Wenn Ihr Kind Abend für Abend dieselbe Gutenachtgeschichte verlangt, machen Sie nichts falsch. Sie werden Zeuge von etwas leise Wunderbarem. Dasselbe Buch immer wieder zu lesen gehört zum Liebevollsten, was Sie für ein kleines Kind tun können, und am Abend erfüllt es gleich zwei Aufgaben auf einmal: Es beruhigt den Körper für den Schlaf, und es überführt neue Wörter ins Langzeitgedächtnis.

Das ist das doppelte Geschenk der Wiederholung. Der Teil, der beruhigt, und der Teil, der lehrt, sind nicht zwei getrennte Dinge. Es ist ein und dieselbe vertraute Geschichte, die Ihr Kind aus zwei Richtungen zugleich erreicht.

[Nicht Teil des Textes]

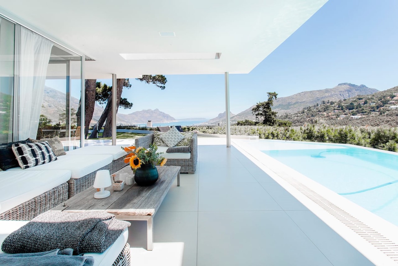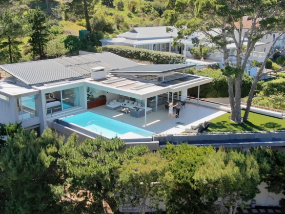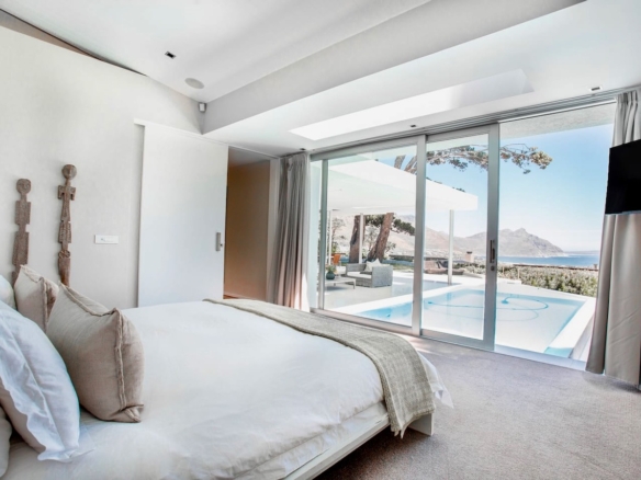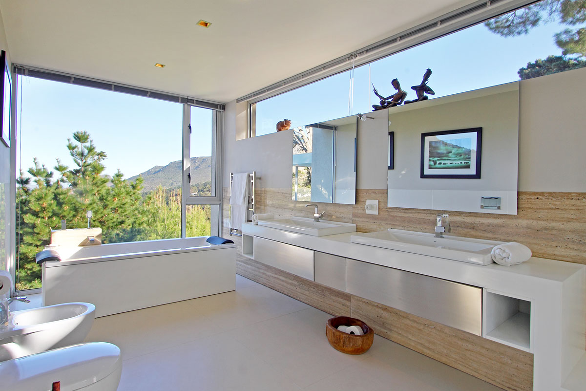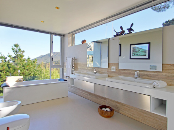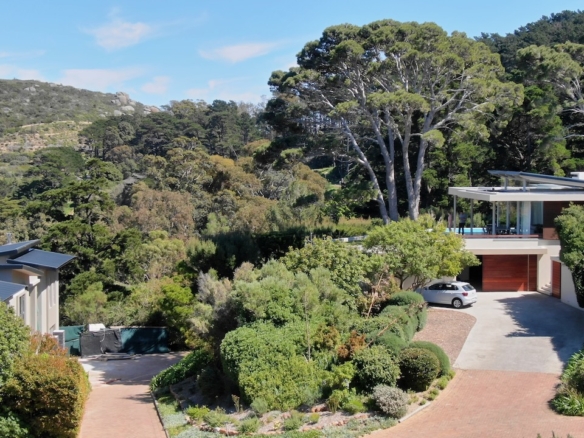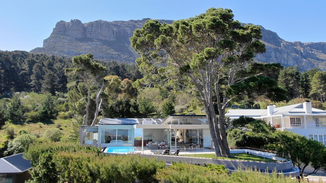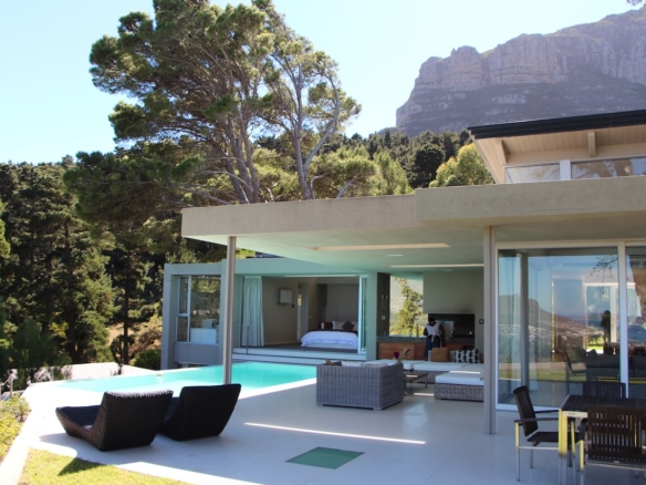 It offers a fantastic panoramic view of Hout Bay and Noordhoek Beach in the front, embedded in an incomparable mountain landscape and in the back, of the 1000m high Table Mountain surrounded by pine trees..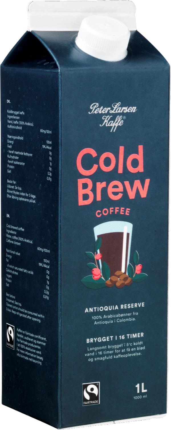 Alkohol: 0,00 % Indhold: 8 x 1000 ml Land: Danmark Koldbryg er kaffe, der er brygget på koldt vand i 16 timer. Brygningen fjerner alle bitterstoffer og sikrer en sød, afrundet smag af kaffe. Ingredienser: Vand, Kaffe (100 % Fairtrade Arabicabønner.)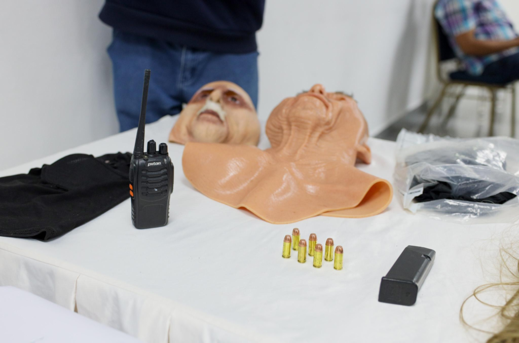 Asimismo, fueron colectadas 10 cadenas color amarillo, una radio de comunicación, siete exhibidores plásticos, tres máscaras con características de persona envejeciente, dos pasamontañas, una peluca de mujer color rubio, herramientas utilizadas para violentar el establecimiento, un cargador para pistola Glock calibre .40 con cápsulas, además de casquillos y otros elementos que forman parte de los análisis técnicos y periciales desarrollados por los organismos correspondientes.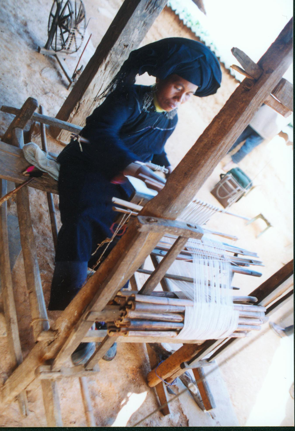 ?。?)紡織。布朗族婦女善于紡織,多在閑暇時間進行。紡織原料有棉花、苧麻和葛線麻等數種,以紡織棉布為主。這些布用來縫制上衣、筒裙、背帶、布袋、裹腳布等。紡織品種有斜紋布、平布和彩錦。布的質地厚實耐穿,深受本族人喜愛。有的地區(qū),人們多半使用水平織機,紡織技術更進了一步。近十年來,由于價廉物美、品種齊全的化纖紡織品大量銷售,傳統(tǒng)的紡織技術受到了沖擊,一些布朗族婦女已經不紡紗織布。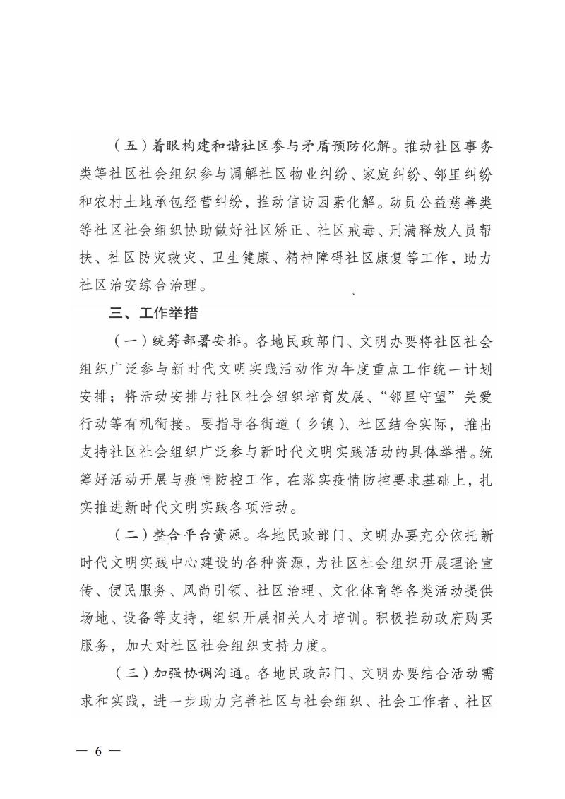 宿民发〔2022〕75号转发关于推动社区社会组织广泛参与新时代文明实践活动的通知

Der Trost, zu wissen, was als Nächstes kommt

Bis zur Schlafenszeit hat ein kleines Kind den ganzen Tag in einer Welt verbracht, die es meist nicht vorhersehen kann. Mahlzeiten, Wetter, Stimmungen, die Reihenfolge, in der die Dinge geschehen, so vieles davon bestimmen andere. Eine Geschichte, die es auswendig kennt, gehört zu den wenigen Dingen, die es ganz und gar vorhersehen kann. Es weiß, dass der Bär hinter der Tür steht, noch bevor die Seite umgeblättert wird. Es weiß genau, welches Wort Sie mit der komischen Stimme sagen werden.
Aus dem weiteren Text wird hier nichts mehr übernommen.